О том, как инфантильна современная МОЛОДАЯ ПОЭЗИЯ, а также и о том, что инфантильна она демонстративно, сказано немало. Но как совместить раздражение, которое эта инфантильность возбуждает в читателе, с читательским же ожиданием от поэтического слова искренности и простодушия — с пресловутым “поэзия… должна быть глуповата”? На этот вопрос берется ответить Артем Скворцов (“Кокон инфанта” — “Арион”, № 4). Просто, поясняет он, существует некоторая путаница: даже маститым поэтам порой свойственно носиться с собственной инфантильностью, пестовать ее и лелеять — и только потому, что инфантильность они принимают за детскость.
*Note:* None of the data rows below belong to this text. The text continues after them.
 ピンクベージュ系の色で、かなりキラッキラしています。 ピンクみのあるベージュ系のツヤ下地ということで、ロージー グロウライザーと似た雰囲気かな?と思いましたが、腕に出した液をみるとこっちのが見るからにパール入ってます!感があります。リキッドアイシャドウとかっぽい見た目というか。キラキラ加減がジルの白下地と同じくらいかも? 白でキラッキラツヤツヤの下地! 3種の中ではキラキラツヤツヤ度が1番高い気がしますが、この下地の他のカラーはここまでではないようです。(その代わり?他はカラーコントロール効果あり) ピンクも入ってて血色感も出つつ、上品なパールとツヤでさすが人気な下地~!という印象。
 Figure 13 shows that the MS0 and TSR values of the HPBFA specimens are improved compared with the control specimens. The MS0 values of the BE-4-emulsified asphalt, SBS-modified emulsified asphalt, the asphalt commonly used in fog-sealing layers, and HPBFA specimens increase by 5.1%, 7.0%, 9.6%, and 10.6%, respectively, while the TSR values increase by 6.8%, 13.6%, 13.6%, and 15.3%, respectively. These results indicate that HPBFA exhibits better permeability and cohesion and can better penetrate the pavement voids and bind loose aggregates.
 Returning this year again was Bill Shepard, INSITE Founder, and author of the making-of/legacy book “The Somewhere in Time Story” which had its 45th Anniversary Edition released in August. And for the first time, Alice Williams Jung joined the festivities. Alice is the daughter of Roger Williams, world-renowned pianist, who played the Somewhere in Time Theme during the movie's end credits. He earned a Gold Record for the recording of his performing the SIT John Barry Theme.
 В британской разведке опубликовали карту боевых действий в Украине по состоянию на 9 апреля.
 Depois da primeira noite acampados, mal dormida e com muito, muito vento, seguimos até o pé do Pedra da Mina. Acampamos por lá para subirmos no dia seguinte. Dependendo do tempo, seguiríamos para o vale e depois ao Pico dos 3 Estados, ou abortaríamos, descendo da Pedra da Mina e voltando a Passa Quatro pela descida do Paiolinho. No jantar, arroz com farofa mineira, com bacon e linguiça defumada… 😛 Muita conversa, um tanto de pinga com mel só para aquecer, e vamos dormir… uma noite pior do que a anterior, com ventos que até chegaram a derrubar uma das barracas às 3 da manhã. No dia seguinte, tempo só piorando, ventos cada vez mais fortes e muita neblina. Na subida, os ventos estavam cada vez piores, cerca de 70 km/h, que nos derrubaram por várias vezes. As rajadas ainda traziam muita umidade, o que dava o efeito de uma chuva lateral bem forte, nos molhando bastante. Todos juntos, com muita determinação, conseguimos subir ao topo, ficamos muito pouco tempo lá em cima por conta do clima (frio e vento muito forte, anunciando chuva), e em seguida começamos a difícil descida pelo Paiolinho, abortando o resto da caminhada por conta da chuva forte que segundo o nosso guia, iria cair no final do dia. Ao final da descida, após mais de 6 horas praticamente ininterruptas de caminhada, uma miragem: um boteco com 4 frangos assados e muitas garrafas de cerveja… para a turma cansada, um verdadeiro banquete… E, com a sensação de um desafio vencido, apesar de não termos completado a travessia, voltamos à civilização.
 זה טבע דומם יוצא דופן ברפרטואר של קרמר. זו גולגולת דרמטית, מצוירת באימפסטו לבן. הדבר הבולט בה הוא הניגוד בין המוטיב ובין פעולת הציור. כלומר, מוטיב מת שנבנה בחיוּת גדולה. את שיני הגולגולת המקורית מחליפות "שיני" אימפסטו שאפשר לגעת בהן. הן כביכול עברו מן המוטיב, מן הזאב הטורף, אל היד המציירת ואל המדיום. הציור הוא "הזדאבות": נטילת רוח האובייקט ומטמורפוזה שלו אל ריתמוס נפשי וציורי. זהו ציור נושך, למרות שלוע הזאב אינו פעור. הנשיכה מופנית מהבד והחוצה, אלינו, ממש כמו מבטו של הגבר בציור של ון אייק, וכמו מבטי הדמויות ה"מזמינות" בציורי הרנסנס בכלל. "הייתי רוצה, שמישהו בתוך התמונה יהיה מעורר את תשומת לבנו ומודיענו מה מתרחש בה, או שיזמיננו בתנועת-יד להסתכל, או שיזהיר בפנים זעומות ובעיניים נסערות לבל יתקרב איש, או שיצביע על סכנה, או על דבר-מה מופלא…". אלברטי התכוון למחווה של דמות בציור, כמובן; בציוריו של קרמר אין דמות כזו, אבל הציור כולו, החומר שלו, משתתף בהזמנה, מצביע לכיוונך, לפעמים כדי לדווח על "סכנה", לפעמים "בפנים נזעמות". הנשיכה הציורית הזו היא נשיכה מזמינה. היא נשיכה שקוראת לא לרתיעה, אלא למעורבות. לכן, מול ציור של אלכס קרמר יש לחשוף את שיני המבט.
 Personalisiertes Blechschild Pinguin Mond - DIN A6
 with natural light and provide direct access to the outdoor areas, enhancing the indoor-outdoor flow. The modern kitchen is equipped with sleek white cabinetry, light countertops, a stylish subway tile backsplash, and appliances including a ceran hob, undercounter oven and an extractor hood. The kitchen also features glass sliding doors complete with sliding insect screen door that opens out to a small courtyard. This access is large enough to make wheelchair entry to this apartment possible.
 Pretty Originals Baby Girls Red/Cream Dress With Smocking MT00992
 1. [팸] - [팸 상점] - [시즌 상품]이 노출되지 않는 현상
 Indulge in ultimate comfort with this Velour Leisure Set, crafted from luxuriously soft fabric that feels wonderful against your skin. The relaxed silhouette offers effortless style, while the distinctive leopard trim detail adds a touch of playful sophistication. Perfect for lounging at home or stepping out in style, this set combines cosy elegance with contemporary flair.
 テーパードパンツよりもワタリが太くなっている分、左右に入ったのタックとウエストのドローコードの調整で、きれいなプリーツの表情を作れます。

А ведь детскость совершенно противоположна инфантильности. Детскость — это свежесть восприятия, это неиспорченность, эмоциональность, радостная открытость миру и доброта. Инфантильность же — нежелание взрослеть и меняться, отказ брать на себя ответственность за собственные слова и поступки, поверхностный снобизм, социальная пассивность, недоверие, а подчас и агрессия по отношению к чужому. Инфантильность сосредоточена на себе, любимом; детскость обращена вовне. Детскость — это всегдашнее удивление миру, отсутствие привычки к нему. Поэзия и есть результат такого удивления: “художнику многое позволено, кроме, пожалуй, одного: он не имеет прав привыкать к миру”. Увы, новое поэтическое поколение общим эпиграфом своего творчества могло бы поставить такие строчки:
Ты знаешь, с тех пор, как мне стукнуло пять,
Я даже не знаю, о чем вспоминать…
(Андрей Куляхтин)
Поэзия сегодня почти никому не нужна, пишет Елена Елагина (“Хайку к кофе” — “Арион”, № 4): “современный, выбравший пепси, читатель уже приучен сторониться всего серьезного”. И кроме горстки пожилых чудаков серьезной поэзией интересуются только литературные критики и (отчасти) сами поэты. Но раз ЧИТАТЕЛЯ нет, значит, НАДО его ВОСПИТАТЬ, а для начала — настигнуть в местах, хоть и неожиданных, но для чтения пригодных. И, не дожидаясь, когда люди устанут от масскульта и сами собой потянутся к разумному, доброму, вечному, Михаил Бар и Константин Карасев придумали блестящий маркетинговый ход: почти два года сеть питерских кофеен Republic of coffee в качестве подарка к определенному сорту кофе прилагает брошюрки русских хайку, уже выпущено пять таких сборничков общим тиражом около двух тысяч. Сидят люди, пьют кофе, читают трехстишия — и им хорошо. Если бы можно было таким же образом приучить соотечественников к поэмам и романам в стихах, глядишь, удалось бы внедрить в их сознание, что разбираться в поэзии ничуть не менее престижно, чем в марках вин, часов или автомобилей…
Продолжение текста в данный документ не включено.